* Work required
In the listing below, find the line with "Гусеничный снегоболотоход ЗВМ-2411" and copy every line from there up to and including the line with "ОДИН НА ОДИН", exactly and without pictures.

* Data for this exercise
########################################

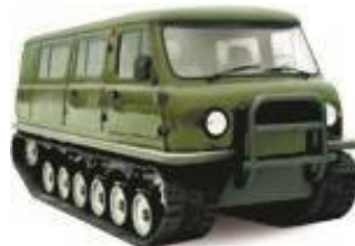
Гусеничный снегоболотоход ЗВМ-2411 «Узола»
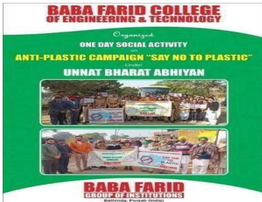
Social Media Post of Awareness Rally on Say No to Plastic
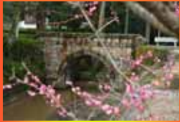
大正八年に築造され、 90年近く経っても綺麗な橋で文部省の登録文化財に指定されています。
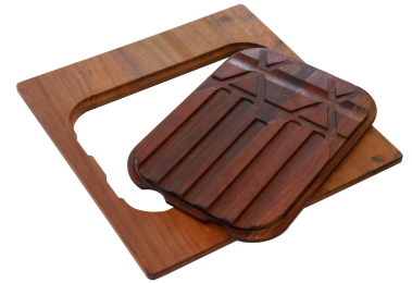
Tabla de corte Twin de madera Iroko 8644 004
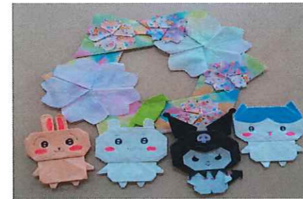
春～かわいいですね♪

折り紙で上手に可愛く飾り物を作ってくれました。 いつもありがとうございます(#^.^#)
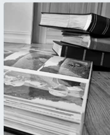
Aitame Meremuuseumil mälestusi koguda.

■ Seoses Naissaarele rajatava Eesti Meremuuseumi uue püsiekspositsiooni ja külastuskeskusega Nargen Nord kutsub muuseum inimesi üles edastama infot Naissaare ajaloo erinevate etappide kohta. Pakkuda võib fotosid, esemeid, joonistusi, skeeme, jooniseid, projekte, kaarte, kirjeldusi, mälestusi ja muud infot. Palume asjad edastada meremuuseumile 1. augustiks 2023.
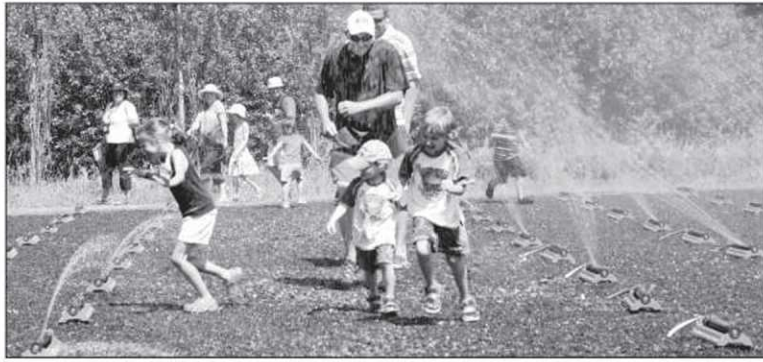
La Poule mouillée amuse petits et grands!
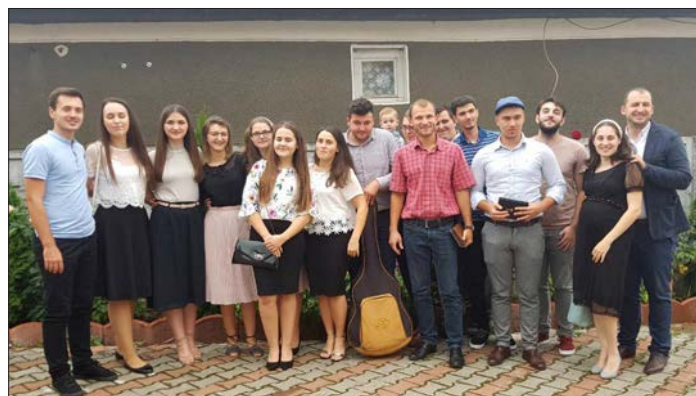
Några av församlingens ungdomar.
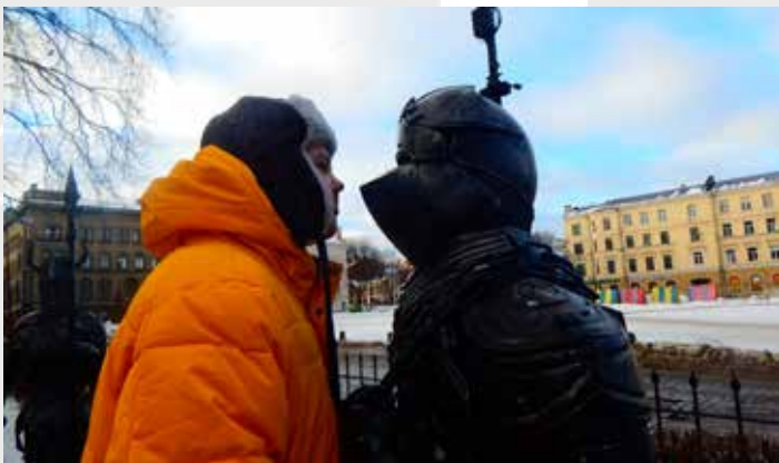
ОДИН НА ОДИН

########################################

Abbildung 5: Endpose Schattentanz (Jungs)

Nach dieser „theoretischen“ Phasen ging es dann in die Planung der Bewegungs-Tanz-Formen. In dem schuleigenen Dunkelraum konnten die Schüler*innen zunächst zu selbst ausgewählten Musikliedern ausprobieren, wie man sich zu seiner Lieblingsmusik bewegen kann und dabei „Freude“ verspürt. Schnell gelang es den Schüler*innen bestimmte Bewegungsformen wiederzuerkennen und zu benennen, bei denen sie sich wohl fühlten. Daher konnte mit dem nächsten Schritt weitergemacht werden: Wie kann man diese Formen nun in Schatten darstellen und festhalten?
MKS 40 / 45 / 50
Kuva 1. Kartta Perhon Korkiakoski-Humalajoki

########################################

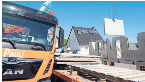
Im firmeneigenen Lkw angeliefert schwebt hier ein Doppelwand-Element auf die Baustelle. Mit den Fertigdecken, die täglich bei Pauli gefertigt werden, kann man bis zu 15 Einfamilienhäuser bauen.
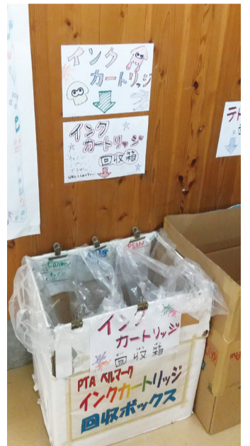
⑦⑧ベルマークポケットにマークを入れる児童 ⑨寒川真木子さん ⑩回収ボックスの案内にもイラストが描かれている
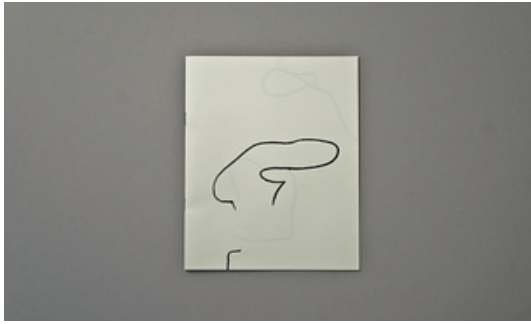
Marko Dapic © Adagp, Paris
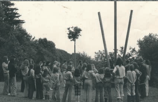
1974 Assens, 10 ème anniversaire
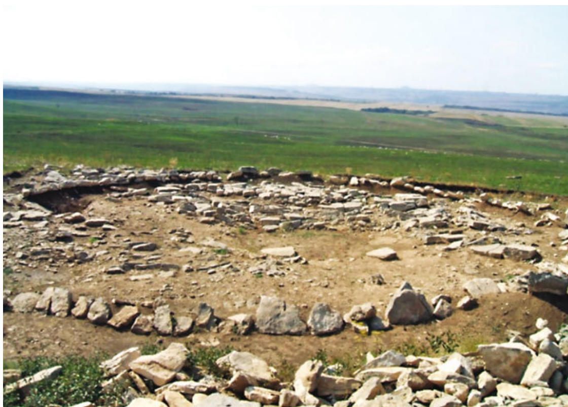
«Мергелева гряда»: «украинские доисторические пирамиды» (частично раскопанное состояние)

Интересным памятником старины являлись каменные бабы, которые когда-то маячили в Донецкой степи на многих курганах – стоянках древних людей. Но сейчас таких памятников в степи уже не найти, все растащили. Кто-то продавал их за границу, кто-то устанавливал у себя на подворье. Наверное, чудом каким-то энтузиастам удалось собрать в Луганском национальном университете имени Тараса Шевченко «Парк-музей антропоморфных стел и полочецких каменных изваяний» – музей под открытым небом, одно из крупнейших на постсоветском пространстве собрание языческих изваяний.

########################################

* Exercise answer
Гусеничный снегоболотоход ЗВМ-2411 «Узола»
Social Media Post of Awareness Rally on Say No to Plastic
大正八年に築造され、 90年近く経っても綺麗な橋で文部省の登録文化財に指定されています。
Tabla de corte Twin de madera Iroko 8644 004
春～かわいいですね♪

折り紙で上手に可愛く飾り物を作ってくれました。 いつもありがとうございます(#^.^#)
Aitame Meremuuseumil mälestusi koguda.

■ Seoses Naissaarele rajatava Eesti Meremuuseumi uue püsiekspositsiooni ja külastuskeskusega Nargen Nord kutsub muuseum inimesi üles edastama infot Naissaare ajaloo erinevate etappide kohta. Pakkuda võib fotosid, esemeid, joonistusi, skeeme, jooniseid, projekte, kaarte, kirjeldusi, mälestusi ja muud infot. Palume asjad edastada meremuuseumile 1. augustiks 2023.
La Poule mouillée amuse petits et grands!
Några av församlingens ungdomar.
ОДИН НА ОДИН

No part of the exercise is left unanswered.